As his discussion makes clear, the dominant theory of causation for Blackmore was still humoral, but, as Sigal (1978) has pointed out, William Harvey’s theory of the circulation of the blood had issued a challenge to humoral based medicine. Other writers in Worth’s collection of fever texts took up this challenge and foremost among them was Thomas Willis (1621-75), an iatrochemist who sought to highlight the role chemistry might play in the treatment of disease.

Willis-tp
Thomas Willis, Diatribæ duæ medico-philosophicæ (London, 1659), title page.

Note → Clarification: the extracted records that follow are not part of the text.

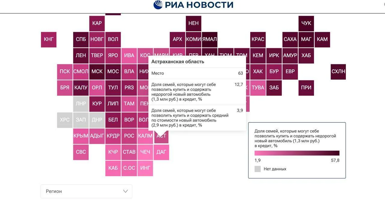 Астраханская область заняла 63 место из 85 по доступности покупки новых автомобилей. По данным РИА Рейтинг, лишь 12,7% семей могут позволить себе кредит на недорогую машину стоимостью около 1,3 млн рублей.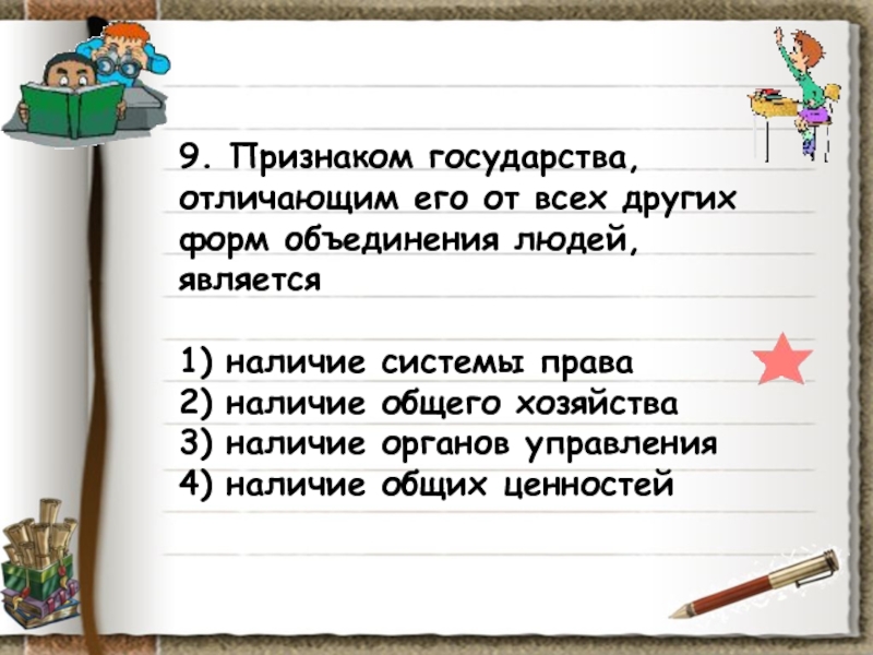 Слайд 109. Признаком государства, отличающим его от всех других форм объединения людей,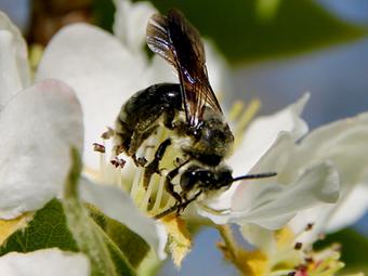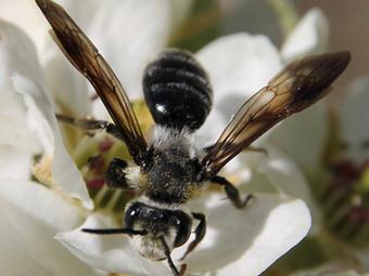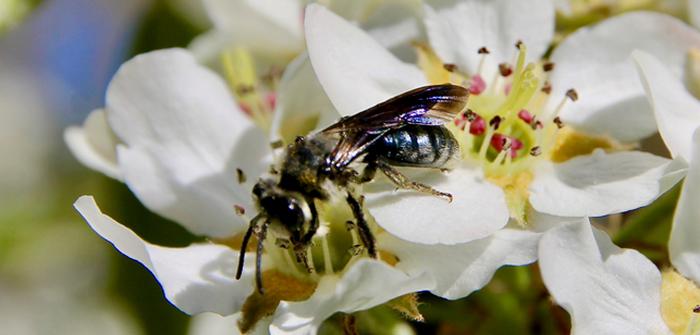 Retour sur le printemps dernier. La belle saison où les abeilles sauvages étaient si nombreuses au jardin ! À l’appel des arbres fruitiers en fleurs notamment. Si nombreuses que toutes n’ont pu prendre place dans cette chronique… Ainsi le petit Andrène agile (Andrena agilissima), il est vrai assez proche de l’Andrène cendré qui, à l’époque, a eu la préférence.

For Willis, causation was based on a theory of fermentation of the blood, one natural, the other ‘preternatural’. Dividing fevers into ‘intermittent fevers’, ‘continual fevers’ and ‘malignant fevers’, he advocated a host of different treatments, predominantly of a chemical nature. Later commentators (also collected by Worth), such as George Cheyne (1671–1743), adopted a more mechanistic approach, strongly influenced by the works of Giovanni Alfonso Borelli (1608-1679) and Lorenzo Bellini (1643-1704), authors whose works were likewise collected by Worth.

Selected Reading
Bates, D. G. (1981), ‘Thomas Willis and the Fevers Literature of the Seventeenth Century’, Medical History Supplement No. 1, pp 45-70.
Sigal, S. L. (1978), ‘Fever Theory in the Seventeenth Century: Building Toward a Comprehensive Physiology’, The Yale Journal of Biology and Medicine 51, pp 571-82.
Smith, D. C, ‘Medical Science, Medical Practice, and the emerging concept of typhus in mid-eighteenth-Britain’, in Bynum, W.F. and Nutton, V (eds) (1981), Theories of Fever from Antiquity to the Enlightenment (London, Wellcome Institute for the History of Medicine Medical History, Supplement No. 1), pp 121-134.